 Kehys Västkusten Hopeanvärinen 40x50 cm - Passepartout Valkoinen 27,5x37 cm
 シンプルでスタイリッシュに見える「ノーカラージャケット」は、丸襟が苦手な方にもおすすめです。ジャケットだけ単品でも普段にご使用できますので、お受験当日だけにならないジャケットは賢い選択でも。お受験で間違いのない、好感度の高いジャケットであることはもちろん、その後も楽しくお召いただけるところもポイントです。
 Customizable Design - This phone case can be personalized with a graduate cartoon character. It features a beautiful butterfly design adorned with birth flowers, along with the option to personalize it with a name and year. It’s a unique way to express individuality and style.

▬▬▬▬▬▬▬▬▬▬

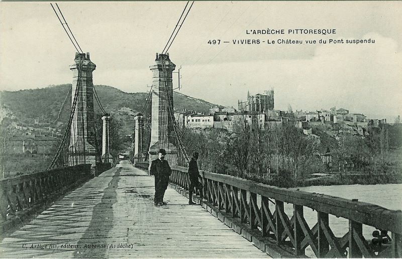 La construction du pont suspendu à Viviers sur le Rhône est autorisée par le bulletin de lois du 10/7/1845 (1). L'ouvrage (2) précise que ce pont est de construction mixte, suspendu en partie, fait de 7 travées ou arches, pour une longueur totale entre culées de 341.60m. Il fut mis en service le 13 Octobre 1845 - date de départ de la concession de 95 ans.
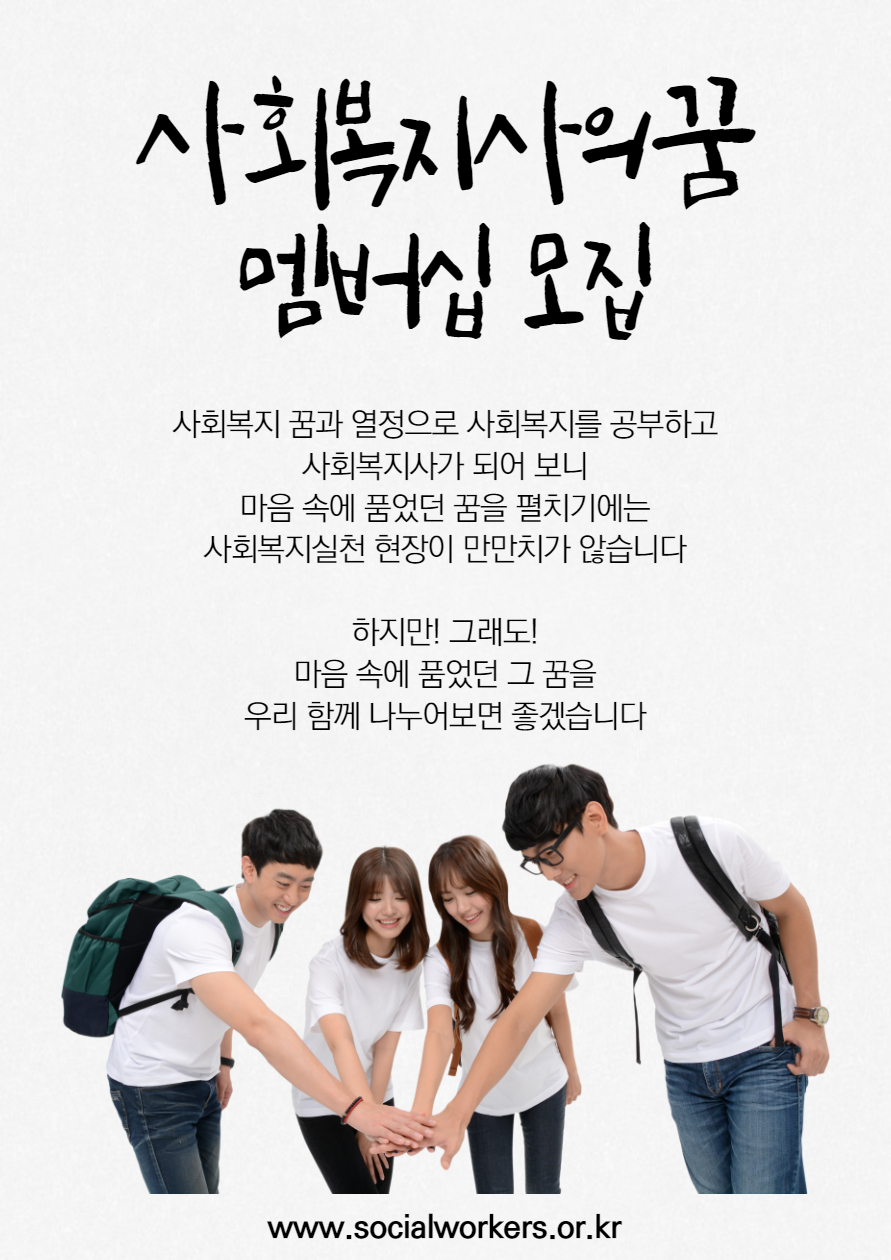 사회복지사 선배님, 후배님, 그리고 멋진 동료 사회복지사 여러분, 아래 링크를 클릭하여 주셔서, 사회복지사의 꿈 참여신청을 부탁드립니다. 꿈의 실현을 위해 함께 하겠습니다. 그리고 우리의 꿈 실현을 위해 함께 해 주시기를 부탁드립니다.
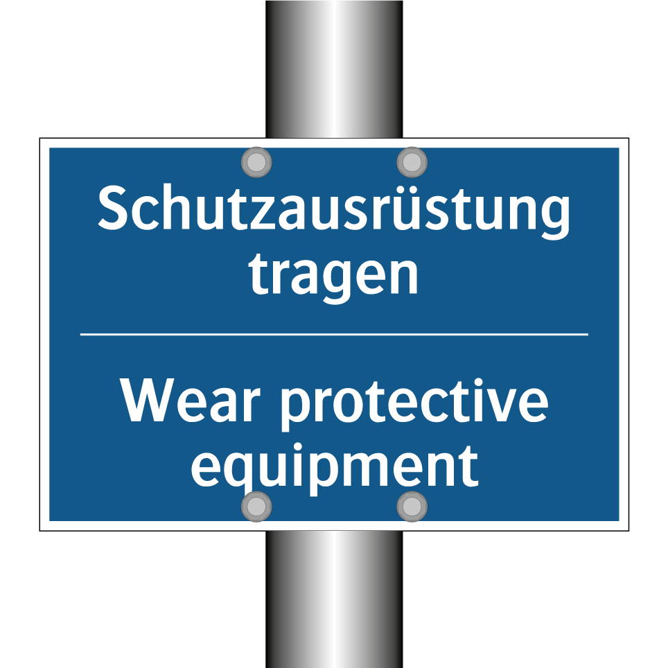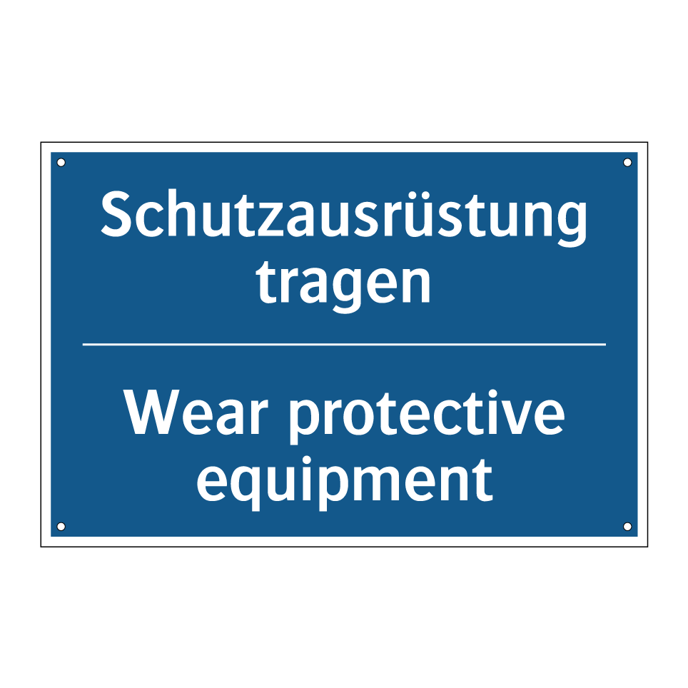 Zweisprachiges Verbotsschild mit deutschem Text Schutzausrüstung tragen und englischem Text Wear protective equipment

▬▬▬▬▬▬▬▬▬▬

WORK ITEM: Precisely the lines between those holding "Kehys Västkusten Hopeanvärinen" and "シンプルでスタイリッシュに見", inclusive, are to be reproduced from the listing above, with nothing added.

OUTPUT BELOW:
 Kehys Västkusten Hopeanvärinen 40x50 cm - Passepartout Valkoinen 27,5x37 cm
 シンプルでスタイリッシュに見える「ノーカラージャケット」は、丸襟が苦手な方にもおすすめです。ジャケットだけ単品でも普段にご使用できますので、お受験当日だけにならないジャケットは賢い選択でも。お受験で間違いのない、好感度の高いジャケットであることはもちろん、その後も楽しくお召いただけるところもポイントです。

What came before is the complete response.